#### [What to do]
Look below for the line that contains "在通过一段玻璃通道后,展台游", then quote it and all the lines after it, exactly, with the pictures left out.

#### [Data extract]
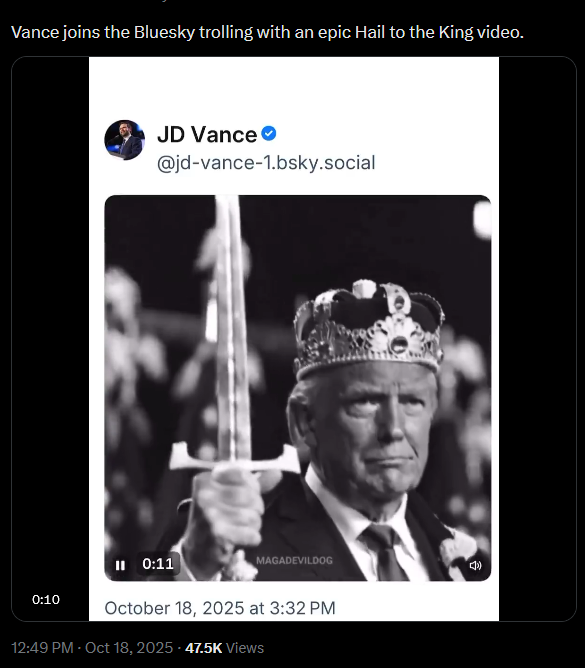 >>519233241Vance went one better.https://x.com/BlueskyLibs/status/1979636052605407505
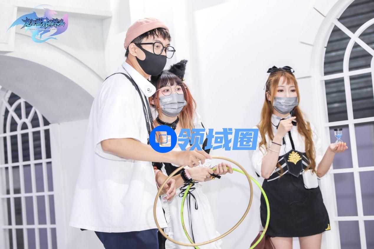 在通过一段玻璃通道后,展台游戏便正式开始。跟随NPC的剧本指引,玩家在女仆伙伴的陪伴下,需要在超过500的展区中进行三个游戏挑战。有意思的是,由于展区周围被事先搭建好的围墙拦住,且同时限制了参与人数,所以实际过程中不太会被外部的视线或环境干扰,整个体验沉浸感十足,甚至在最后一个游戏挑战中,女仆的伙伴将失去大部分视觉,需要由玩家引导她一同穿越由镜子搭建而成的迷宫。
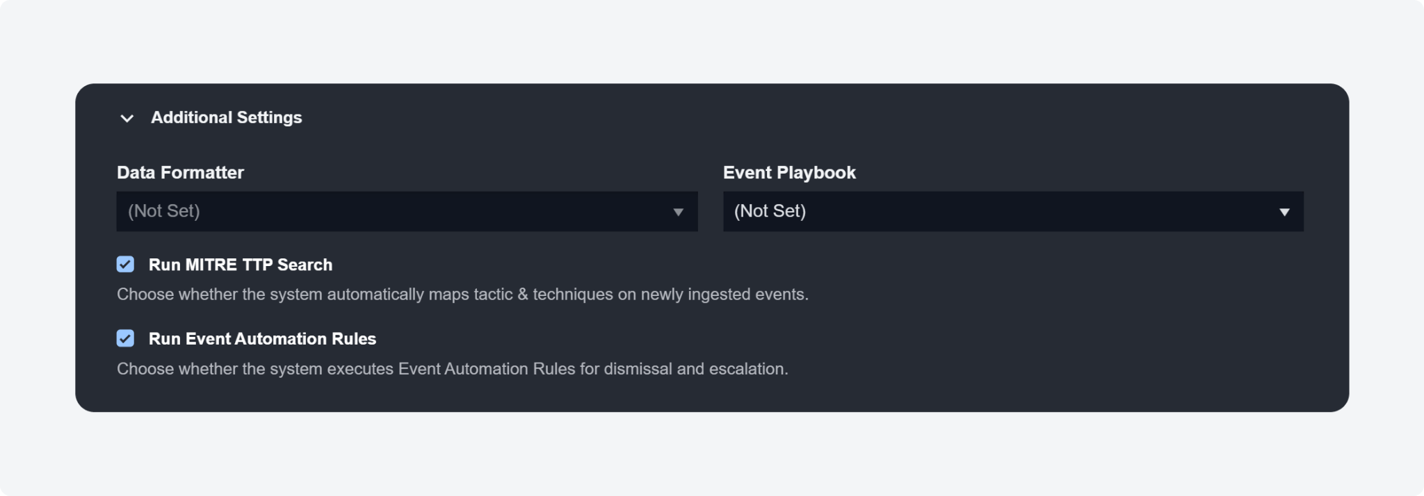 Upon configuring a new data source across different components in D3 SOAR, such as API Keys, JWT, Data Ingestion, Schedule, Upload File (from the Investigation Dashboard), and Ongoing Surveillance Task, two checkboxes will appear that allow you to customize the behaviour of ingested events. The first checkbox enables the automatic mapping of ingested events from the data source to MITRE tactics and techniques. The second checkbox enables event automation rules for event dismissal and escalation.

#### [Task answer]
 在通过一段玻璃通道后,展台游戏便正式开始。跟随NPC的剧本指引,玩家在女仆伙伴的陪伴下,需要在超过500的展区中进行三个游戏挑战。有意思的是,由于展区周围被事先搭建好的围墙拦住,且同时限制了参与人数,所以实际过程中不太会被外部的视线或环境干扰,整个体验沉浸感十足,甚至在最后一个游戏挑战中,女仆的伙伴将失去大部分视觉,需要由玩家引导她一同穿越由镜子搭建而成的迷宫。
 Upon configuring a new data source across different components in D3 SOAR, such as API Keys, JWT, Data Ingestion, Schedule, Upload File (from the Investigation Dashboard), and Ongoing Surveillance Task, two checkboxes will appear that allow you to customize the behaviour of ingested events. The first checkbox enables the automatic mapping of ingested events from the data source to MITRE tactics and techniques. The second checkbox enables event automation rules for event dismissal and escalation.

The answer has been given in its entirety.